Abstract
While the study of election theory is not a new field in and of itself, recent research has applied various concepts in computer science to the study of social choice theory, which includes election theory. From a security perspective, it is pertinent to investigate how stable election systems are in the face of noise, disruption, and manipulation. Recently, work related to computational election systems has also been of interest to artificial intelligence researchers, where it is incorporated into the decision-making processes of distributed systems.

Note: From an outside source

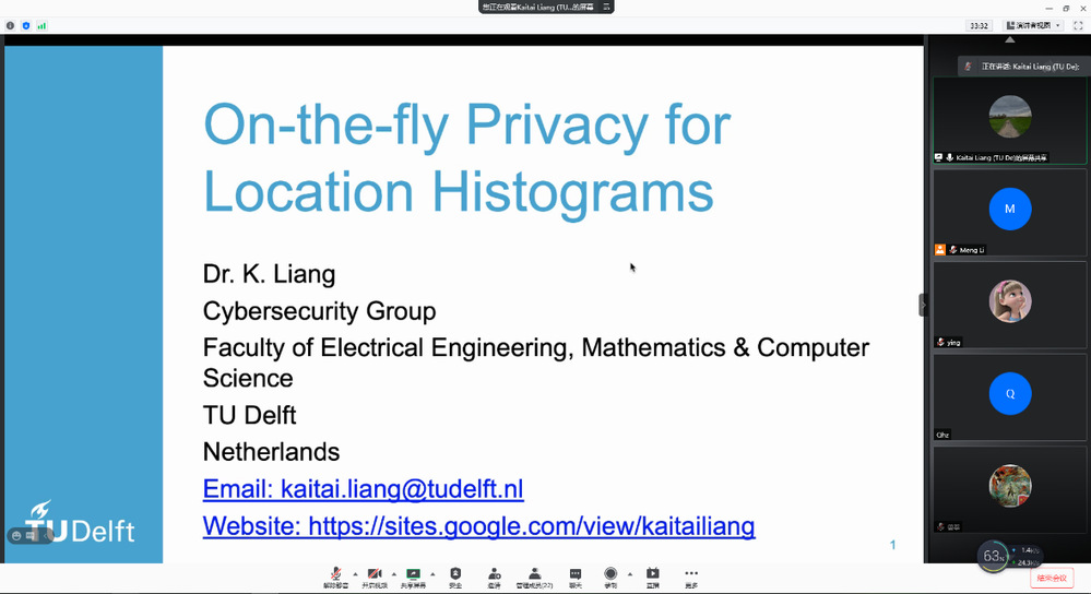 应英国上市365官网网络与信息安全研究所邀请,2021年3月3日,Delft University of Technology的Kaitai Liang教授在线上为365官网师生做了题为“On-the-fly Privacy for Location Histograms”的学术报告。副研究员李萌主持了本次报告会,学院相关研究方向的老师、研究生和本科生参加了报告会。

The quantitative analysis of a voting rule's resistance to noise is the robustness, the probability of how likely the outcome of the election is to change given a certain amount of noise. Prior research has studied the robustness of voting rules under very small amounts of noise, e.g. swapping the ranking of two adjacent candidates in one vote. Our research expands upon this previous work by considering a more disruptive form of noise: an arbitrary reordering of an entire vote. Given k noise disruptions, we determine how likely the election is to remain unchanged (the k-robustness) by relating the k-robustness to the 1-robustness. We can thereby provide upper and/or lower bounds on the robustness of voting rules; specifically, we examine five well-established rules: scoring rules (a general class of rules, containing Borda, plurality, and veto, among others), Copeland, Maximin (also known as Minimax or Simpson-Kramer), Bucklin, and plurality with runoff.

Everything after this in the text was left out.